Наконец, закончив себя истязать или попросту устав от этой белой бесконечности, или просто очнувшись, Гермиона наклонилась и смахнула с мраморной серой плиты пушистые хлопья снега. Пальцы кольнуло холодом, но она даже не поморщилась. Молчаливо разрыла у основания памятника небольшой сугроб, сделав углубление, и положила туда маленький букетик вероники, взятой тут же, в остатках теплиц. Какое-то время Гермиона так и стояла, наклонившись, смотря на темнеющие буквы имени. Не удержавшись, она прикоснулась к ним, провела кончиками пальцев и, вздохнув, выпрямилась, чтобы снова перевести взгляд на Запретный лес. Куда угодно, лишь бы не видеть развалин Хогвартса.
В опустившейся тишине скрипучие шаги за спиной разносились на все кладбище. Гермиона чуть наклонила голову, бросая взгляд через плечо. Хотя она прекрасно осознавала, кто идет. Антонин и не скрывался, в общем-то, намеренно шумя подольше, чтобы дать ей время спрятать все эмоции. Время найти силы для вежливой улыбки.
Долохов остановился прямо у нее за спиной, довлея аурой силы и власти. Гермиона неслышно выдохнула, на мгновение прикрыла глаза. И снова, в последний раз, посмотрела на могильную плиту. Снег уже начал укутывать в свои объятия голубые цветы.
— Пора, — хриплый голос заставил ее вздрогнуть. Пусть она и ждала этого, но все равно не сдержалась.
На плечо опустилась чужая рука, не оставляя выбора. Гермиона кивнула. И медленно развернулась, так ничего и не сказав. Впрочем, от нее ответа не ждали. Она посмотрела прямо в лицо Долохову, чуть запрокидывая для этого голову, отчего снежинки радостно стали падать на ее сухие потрескавшиеся губы.

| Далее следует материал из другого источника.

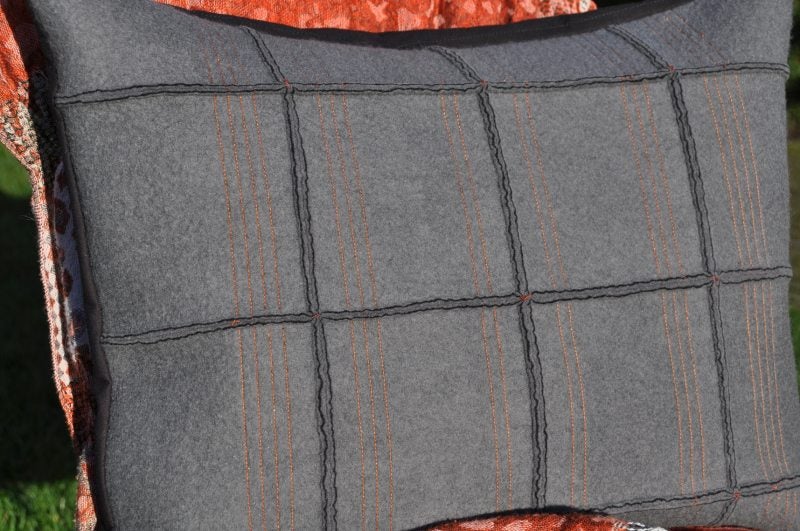 Ein Kissen mit verschiedenen Lagen gefilzt und genäht
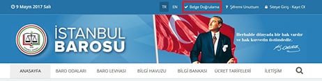 Elektronik olarak verilen belgenin ilgili kurum/kuruluş tarafından doğrulanması amacıyla İstanbul Barosu Elektronik Belge Sistemi üzerinden oluşturulan faaliyet belgesi üzerinde bulunan onay kodu ile https://belgedogrulama.istanbulbarosu.org.tr adresinden veya sitemizin üst bölümünde bulunan "belge doğrulama" seçeneğinden doğrulama yapılabilecektir. Doğrulama başarılı olduğunda belge PDF formatında açılacaktır.
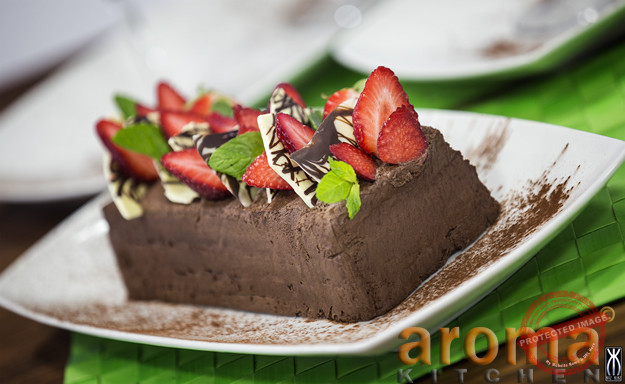 Start this recipe by preparing the loaf tin by coving the inside with a piece of cling film. Next, soak the gelatine leaves in a bowl of water. When soft, place into a saucepan with 2 tablespoons of water and melt to dissolve. Put aside. Whilst the chocolate is melting, whisk the egg whites and lemon juice in a large, clean bowl until they form soft peaks. The lemon juice will stabilise the egg whites, make them easier to work with. Add the sugar and continue to whisk until firm peaks form when the whisk is removed. In another bowl, whisk the cocoa powder and the fresh cream together to soft peaks and put aside. When the chocolate has cooled down slightly, whisk in half of the egg whites quickly, stirring vigorously until thick and well combined. Fold in the remaining egg whites into the chocolate mixture, using a spatula, until all of the egg white has been completely incorporated, followed by the whipped chocolate fresh cream. Quickly spoon 1/3 of the mousse mixture into the base of the prepared tin and even out. Cover with a layer of the `After-eight` mints. Cover again with another 1/3 of mousse and mints, followed by the remaining cream. Finally, cover the top evenly with a final layer of mints. Wrap over the excess cling film and chill in the freezer for an hour, or until set. Carefully place the parfait on a long serving plate and decorate with chocolate straws and mint leaves.
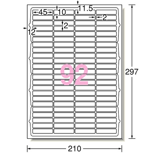 エーワン ラベルシール[レーザープリンタ] マット紙・ホワイト A4 92面 45×10mm 四辺余白付 角丸 66292 1冊(100シート)
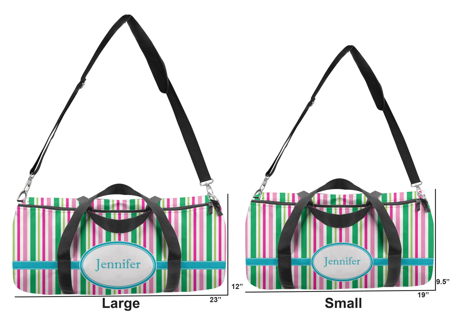 This duffle is a sturdy bag made of a canvas material. It comes in two sizes: Small (19"W x 9.5"H x 9.5"D) and Large (23"W x 12"H x 12"D). The bag is a cylindrical shape with a black adjustable strap and two handles. On one side is an elastic pouch to put a waterbottle or other small item. Your product will be sublimated with your design and is able to be designed on the front, back, and sides. Be sure to remember that the straps may cut into parts of your design if you upload your own artwork.
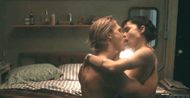 Поскольку актриса Зои Кравиц очень миниатюрна, а актер Остин Батлер очень высок, Аронофси искусно использует кровать, чтобы визуально уравнять пару. Эффект получается невероятно красивым. Два человека с божественными фигурами обнимают друг друга, их взгляды встречаются, их бёдра прижаты друг к другу.

Во взгляде Гермионы не было ни одной эмоции, все они были надежно спрятаны внутри ее души. С тех пор, как победил Темный Лорд, она не могла себе позволить такую роскошь, как чувства. Этому она научилась сразу, еще в самый первый день, когда тело едва справилось с болью от Круциатуса, а Беллатрикс уже терзала ее руку кинжалом. Тот точно был заговорен на шрамы, потому что следы так и не исчезли.
Гермиона приспособилась и к этому. В новом мире просто не осталось других вариантов для таких, как она. А вместе с ней привыкало и выживало все магического сообщество. Оно лежало у ног одного человека, которому нужна была только власть. И который эту власть получил.
Впрочем, Гермиона знала, что кто-то еще сопротивляется. Орден Феникса боролся, создавая Подполье в их идеальном обществе чистокровных. А она стала знаменем победителей. Их пойманным сниджетом, на жизнь которого наплевать.
Антонин качнул головой, смотря на нее с легким брезгливым интересом. Словно дивясь, что она жива и подчиняется. Гермиона не могла понять, как он может все еще быть верным тому, кто, как кость, бросил ему грязнокровку. Но не спрашивала. Себя она уж точно наградой не считала, а за что наказали их обоих друг другом, знать не желала. Хватало того, что уже случилось.
— Нам пора, — повторил Долохов. Гермиона молчаливо кивнула и первой направилась в сторону площадки для аппарации. За её спиной под тяжелыми шагами заскрипел снег.
Гермиона дождалась, когда он прижмет ее к себе, и прикрыла глаза, чувствуя, как сжимает со всех сторон поток аппарации.
* * *
Грейнджер не надо было поднимать голову, чтобы знать, что взгляд Снейпа не отрывается от ее сложенных на коленях рук. Она сидела позади Долохова, перед своим бывшим профессором. И можно было подумать, что по статусу она даже ближе к Лорду, чем Снейп. Иногда на такие собрания допускались журналисты, и те спешили запечатлеть ее, спокойно взирающую на самого страшного мага столетия.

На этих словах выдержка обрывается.